Jemina, The Mountain Girl

A Wild Thing

It was night in the mountains of Kentucky. Wild hills rose on all sides. Swift mountain streams flowed rapidly up and down the mountains.

Jemima Tantrum was down at the stream, brewing whiskey at the family still.

She was a typical mountain girl.

Her feet were bare. Her hands, large and powerful, hung down below her knees. Her face showed the ravages of work. Although but sixteen, she had for over a dozen years been supporting her aged pappy and mappy by brewing mountain whiskey. From time to time she would pause in her task, and, filling a dipper full of the pure, invigorating liquid, would drain it off--then pursue her work with renewed vigor.

She would place the rye in the vat, thresh it out with her feet and, in twenty minutes, the completed product would be turned out.

A sudden cry made her pause in the act of draining a dipper and look up.

"Hello," said a voice. It came from a man clad in hunting boots reaching to his neck, who had emerged.

"Can you tell me the way to the Tantrums' cabin?"

"Are you uns from the settlements down thar?"

She pointed her hand down to the bottom of the hill, where Louisville lay. She had never been there; but once, before she was born, her great-grandfather, old Gore Tantrum, had gone into the settlements in the company of two marshals, and had never come back. So the Tantrums from generation to generation, had learned to dread civilization.

The man was amused. He laughed a light tinkling laugh, the laugh of a Philadelphian. Something in the ring of it thrilled her. She drank off another dipper of whiskey.

"Where is Mr.
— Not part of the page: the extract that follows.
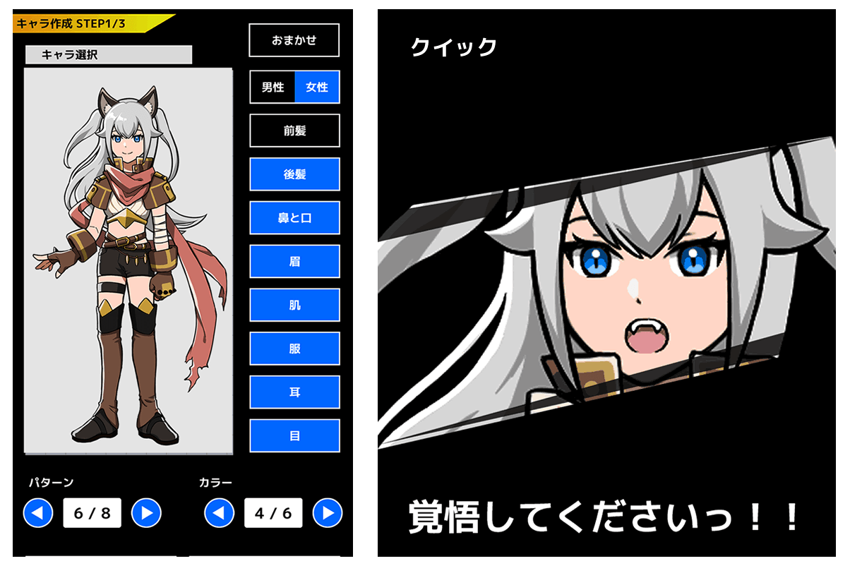 容姿だけでなく、プロフィール、ステータス、カットイン、決めセリフまで、設定できます。創作的なキャラメイクが可能であり、プレイヤーはよりこだわったキャラを作成できます。

Tantrum, little girl?" he asked, not without kindness.

She raised her foot and pointed her big toe toward the woods. "Thar in the cabing behind those thar pines. Old Tantrum air my old man."

The man from the settlements thanked her and strode off. He was fairly vibrant with youth and personality. As he walked along he whistled and sang and turned handsprings and flapjacks, breathing in the fresh, cool air of the mountains.

The air around the still was like wine.

Jemina Tantrum watched him entranced. No one like him had ever come into her life before.

She sat down on the grass and counted her toes. She counted eleven. She had learned arithmetic in the mountain school.